満開の桜の花びらが頬を撫でる、4月上旬。


空には吸い込まれそうな程に清々しい青空が広がっていて、何処からか名も知らない鳥のさえずりが聞こえてくる。


歩く度に揺れる膝上のスカート、筆記用具以外何も入っていない黒のリュックサック。



通学路にある『滝口神社』という名前の大きな神社に立ち寄り、流れる様に二礼二拍手をして軽く目を瞑る。
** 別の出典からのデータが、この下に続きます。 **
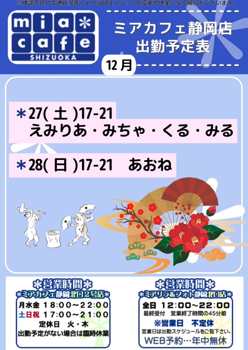 | å¶æ¥æé | é岡åºã¯åºå€ã¹ã¿ãããããã°å¶æ¥ã§ãïŒ åºæ¬çã«ã12æïœ22æãå¶æ¥æéã§ãïŒ âé岡åºã®ãã€ãã¿ãŒã@shizuokamaidsan https://twitter.com/shizuokamaidsan âãã¢é岡åºã®å¶æ¥ææ¥ïŒå¶æ¥æéâ âæãæšã14:00ã22:00(æçµåä»20:00) âéææ¥ã12:00ã22:00(æçµåä»21:00) âåã»æ¥ã»ç¥ã12:00ã22:00(æçµåä»21:00) å¶æ¥æéå€ã¯ãªã³ã©ã€ã³äºçŽã«ãŠãé¡ãããããŸãã ïŒ°ïŒ£ã»æºåž¯å ±éãâãhttp://m-kanzume.moo.jp/yoyaku2/user.cgi âãã¢ã¬ã€ãåºå€ç¶æ³â ã¹ããã»ïŒ°ïŒ£ãâãåŸæ¥å ¬éäºå® â é岡åºã¹ã¿ããã«ãããã¢ç²åºåºã§ã®ã¡ã€ãã«ãã§ãªã¢ã«å¶æ¥â âäžå®æ ããµã€ãã«ãŠã確èªãã ããã ãhttp://market.chu.jp/schedule1/sche37.cgi | ||||||||||||||
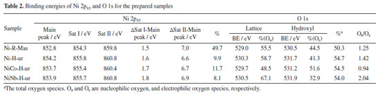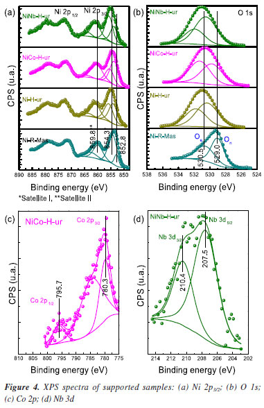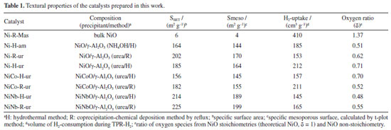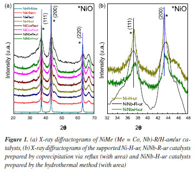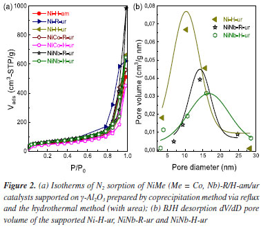 RESULTS AND DISCUSSION X-ray diffraction (XRD) and N2 sorption The X-ray diffraction patterns for the supported samples are shown in Figure 1a. All the diffractograms of samples, no matter the precipitating agent, presented diffraction peaks corresponding to NiO, 2θ = 37.3, 43.4, 63.0, 75.5, and 79.5º (JCPDS 4-835)18 and γ-Al2O3, 2θ = 19.6, 32.6, 37.2, 39.4, 45.7, 60.9, 67.0, and 84.4º (JCPDS 29-63).29 This figure was observed for the samples prepared either by hydrothermal method or coprecipitation method via reflux (Figure 1a). Moreover, no peaks assigned to the presence of Co or Nb were detected, probably due to the presence of possible substitutions of Co for Ni or by the incorporation of Nb5+ that can locate in vacant or interstitial Ni sites. In a larger scale, a shift in the higher angles corresponding to mixed supported samples NiCo-series and NiNb-series (Figure 1b) is observed, related to the compression of the lattice parameter. This reveals that the incorporation of Co or Nb to the lattice of NiO affects the initial crystalline structure, probably influencing the nucleophilic oxygen species present in this catalyst and increasing the pore volume in the mixed catalyst NiNb-H-ur (Figure 2) and with similar picture with NiCo-H-ur.

登校前の日課となってしまったこのお参りは、果たしていつまで続くんだろう。



「…どうか私に、人の笑顔を、見せて下さい」



ねえ神様、聞こえてるんでしょう?


もし私が貴方の創った欠陥品なら、今からでも修正が出来るんじゃないですか?


返品や交換じゃなくても、せめてもの手直しくらいなら。



少しで良いの、一瞬でも構わない。


大切な家族の顔を、気の許せる友達の顔を、鏡に映る自分の顔を。


皆が幸せそうに目を細めて口角を上げる、あの眩しい程の笑顔を一度でいいから見てみたい、私の願いはただそれだけ。



だから、どうかお願いします───。



掠れた声は風と共に舞い上がり、大空へ向かって飛んでいく。






その先で私の願いを聞いているのは、

意地悪な神様。






ゆっくりと目を開け、一礼をした私はくるりと踵を返し、元来た道を真っ直ぐに戻っていった。